As mentioned in Section 1, the st-community detection for single-cell ST data obtained by new and recent technologies is of great importance in cancer research. To identify the neighboring pattern of each cell based on nearby cell-percentages, the initial step of st-community detection is to conduct data processing to turn single-cell ST data into compositional data [20], which assigns cell proportion or cell-percentage in the neighborhood for each cell type under consideration. In [15] for colorectal cancer and in [34] for lung cancer, both had the same data form $(C,x,y)$ as single-cell ST data, and both had their data processed into compositional data first, then used k-means method [22,23,24] to obtain st-communities in their studies.

2.1. Disk Compositional Data Matrix

For single-cell ST data, this subsection reviews the kNN compositional data matrix, proposes our disk compositional data (DCD) matrix, and gives comparison discussion which concludes that DCD matrix is far more informative and accurate.

• $\mathit{k}$NN Compositional Data

For data $(C,x,y)$ with cell type and spatial location, both [15] and [34] used the k-nearest neighbor (kNN) method to obtain compositional data by using $k=10$, which is the most commonly used method in computational biology literature. Below, we describe the kNN compositional data matrix obtained from one sample.
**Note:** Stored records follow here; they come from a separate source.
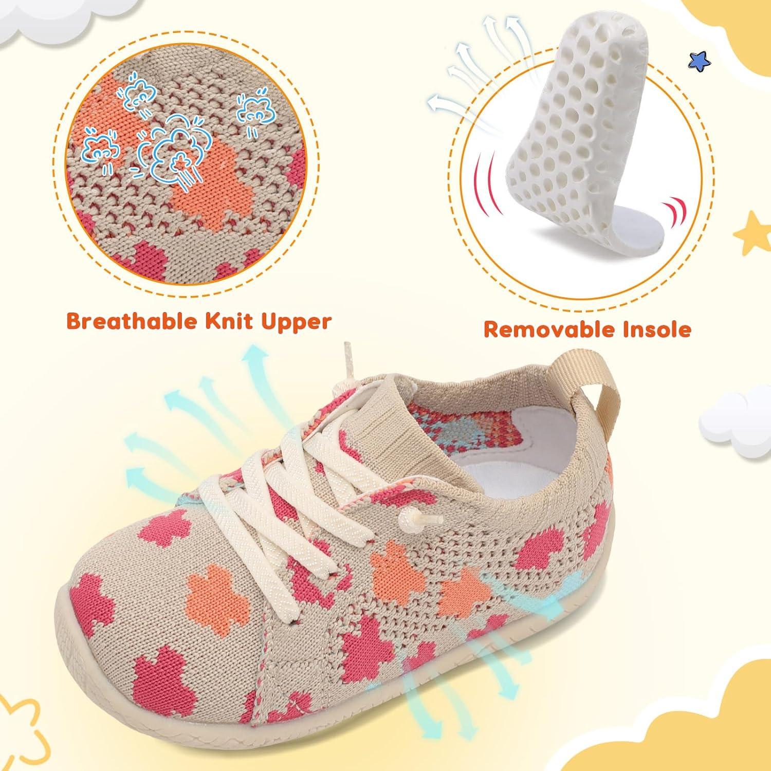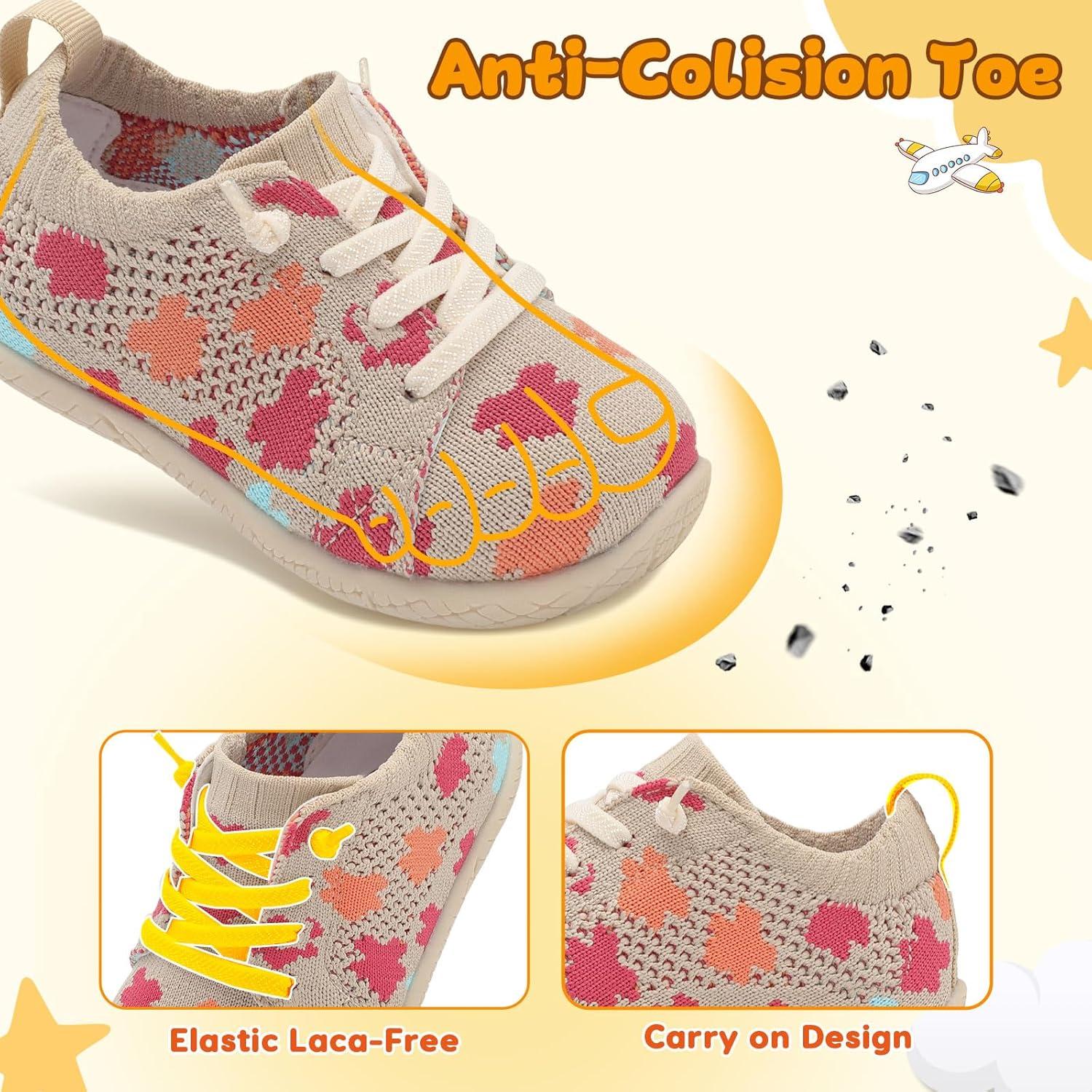 LeIsfIt Baby Shoes Boys Girls First Walking Shoes Non-Slip Toddler Breathable Sneakers Infant Sneakers(A-greypink)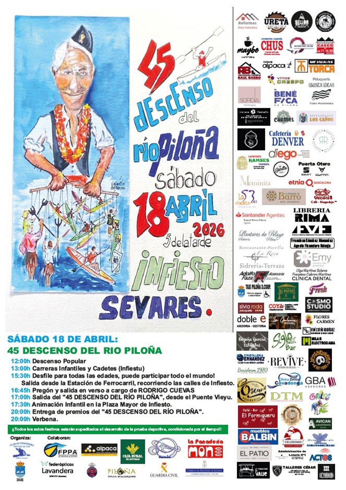 Posteriormente, a las 17.00 horas, se dará la salida al descenso desde el Puente Vieyu, en una prueba que recorrerá el río Piloña hasta la localidad de Sevares. A las 17.30 horas habrá animación infantil en la Plaza Mayor de Infiesto.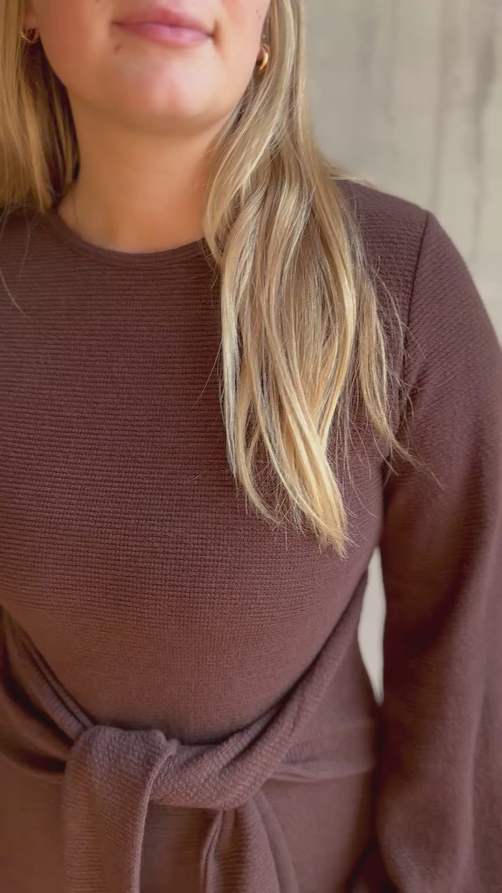 This dress is the perfect mix of playful and polished. The textured seersucker fabric creates visual interest, while the tie-front waist lets you define your shape just how you like it. Balloon sleeves add movement and charm, making this dress a standout choice for events, dinners, or a casual day styled with boots. The chestnut brown tone feels earthy and chic, flattering in every season.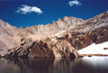 Wed, July 10 - We headed over a pass north of Gemini and dropped down some ledges to the Seven Gables Lakes. The gullies on the pass had snow in them so we downclimbed on dry ledges most of the way. We saw trout in Seven Gables Lakes but kept walking toward Vee Lake.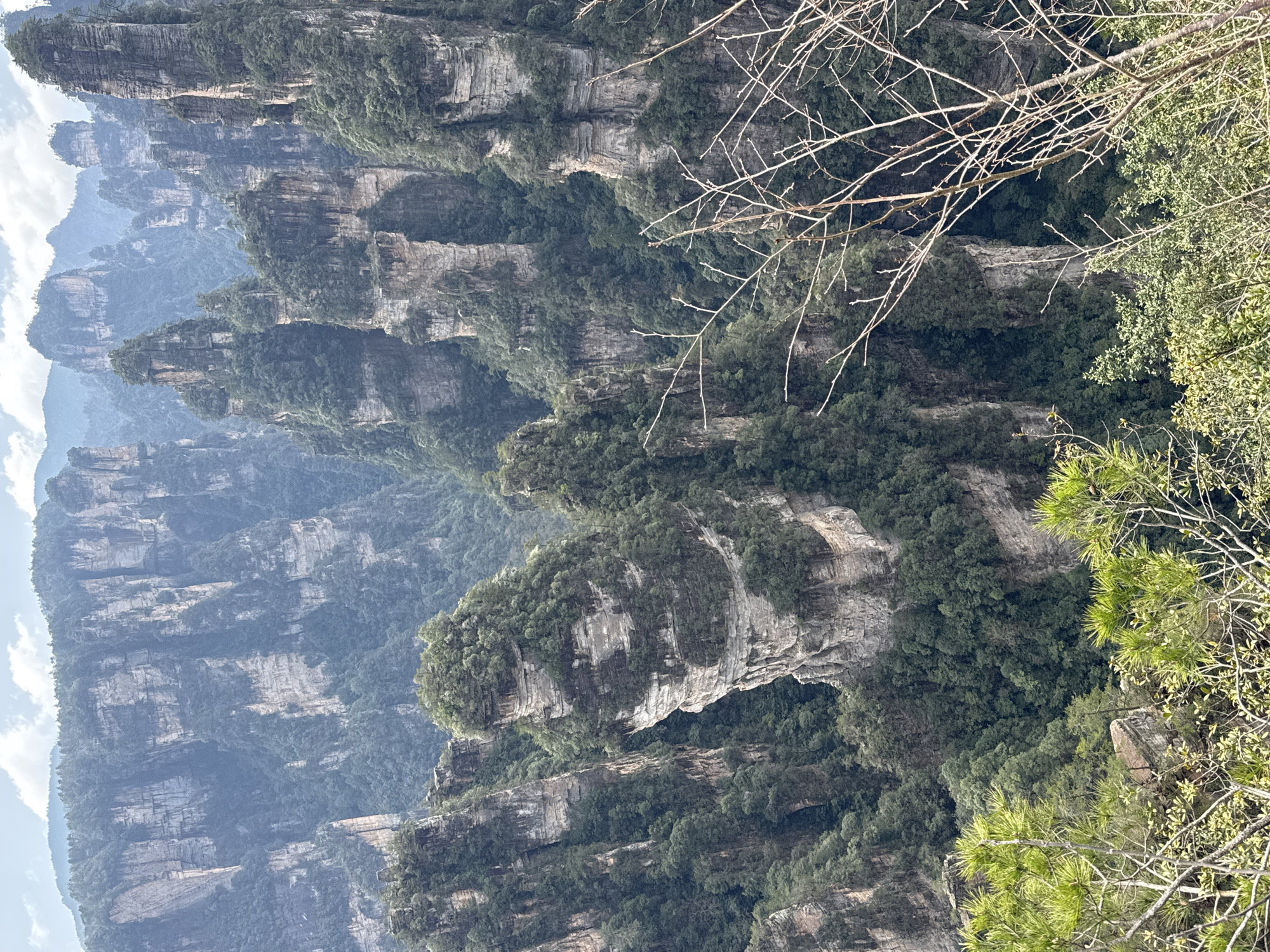 This image depicts a vast, verdant mountainous landscape characterized by numerous towering sandstone pillars, situated in the city of Luoguta, China. The scene is dominated by multiple vertical rock formations, light gray to tan in coloration with discernible horizontal striations, rising sharply from the terrain. These geological structures are extensively covered with dense, dark green foliage on their summits and along their upper and mid-sections, with thick forests filling the deep valleys and lower slopes between them. In the foreground, on the right side, out-of-focus bare, light-colored tree branches with fine twigs are prominent. On the left, vibrant green, pine-like foliage from another tree or shrub is visible. Distant mountains and pillars recede into a pale blue-gray atmospheric haze under a mostly cloudy, light-colored sky, conveying significant depth. A small, faint white structure, consistent with a pagoda or gazebo, is visible on a distant ridge within the upper left quadrant. No human figures or active interactions are present; the scene presents a static, natural environment.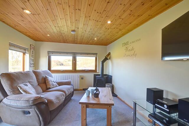 Step outside to the raised decking area, where you can enjoy the hot tub under the stars. The large fenced lawn with a picnic table is ideal for alfresco meals, and the 10 acres of shared land are perfect for walking and fishing.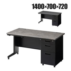 法人様限定 スチールデスク ブラック EX 片袖机 オフィスデスク 引き出し 幅1400×奥行700×高さ720mm 配線穴 事務机 ビジネスデスク パソコンデスク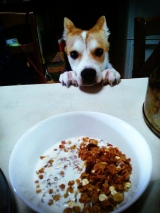 全粒 大麦シリアルモニターしたよ(﹡ˆ﹀ˆ﹡)♡ パッケージ可愛いね(๑•ั็ㅂ•็ั) 匂いはココナッツのいい匂い♥ 大麦が噛みごたえあって、たまにベリーの甘酸っぱい味がしてきて美味しかった♪ 準備してたら犬が『僕のは?』ってやってきた!笑 あなたのはないですよー((((♥´艸… 2014/05/08

Suppose that sample $S_1$ contains $N_1$ cells with a total of m different cell types. For cell $C_i$ in sample $S_1$, let $k_{ij}$ be the total number of cell type j among k nearest cells in sample $S_1$ around $C_i$, then the kNN compositional data matrix for sample $S_1$ is given by:

$${\mathit{C}}_1={\left(v_1,\cdots ,v_{N_1}\right)}^{\top }$$

(1)

where ${\mathit{C}}_1$ is an $N_1\times m$ matrix, and its row is the compositional vector given by:

$${\mathit{v}}_i^{\top }=\left({\displaystyle \frac{k_{i1}}{k}},\cdots ,{\displaystyle \frac{k_{im}}{k}}\right),i=1,\cdots ,N_1.$$

(2)

If single-cell ST data $\mathcal{D}$ contains q samples $S_1,\cdots ,S_q$ with total numbers of cells $N_1,\cdots ,N_q$, respectively, and each sample $S_j$ contains the same m different cell types, then the kNN compositional data matrix for $\mathcal{D}$ is given by:

$$\mathit{C}={\left({\mathit{C}}_1^{\top },\cdots ,{\mathit{C}}_q^{\top }\right)}^{\top }$$

(3)

where $\mathit{C}$ is an $N\times m$ matrix with $N=N_1+\cdots +N_q$, and each $N_j\times m$ matrix ${\mathit{C}}_j$ is obtained in the same way as shown in above Equation (1). Note that matrix $\mathit{C}$ reflects the neighboring cell patterns and restricts overly large values by Equation (2).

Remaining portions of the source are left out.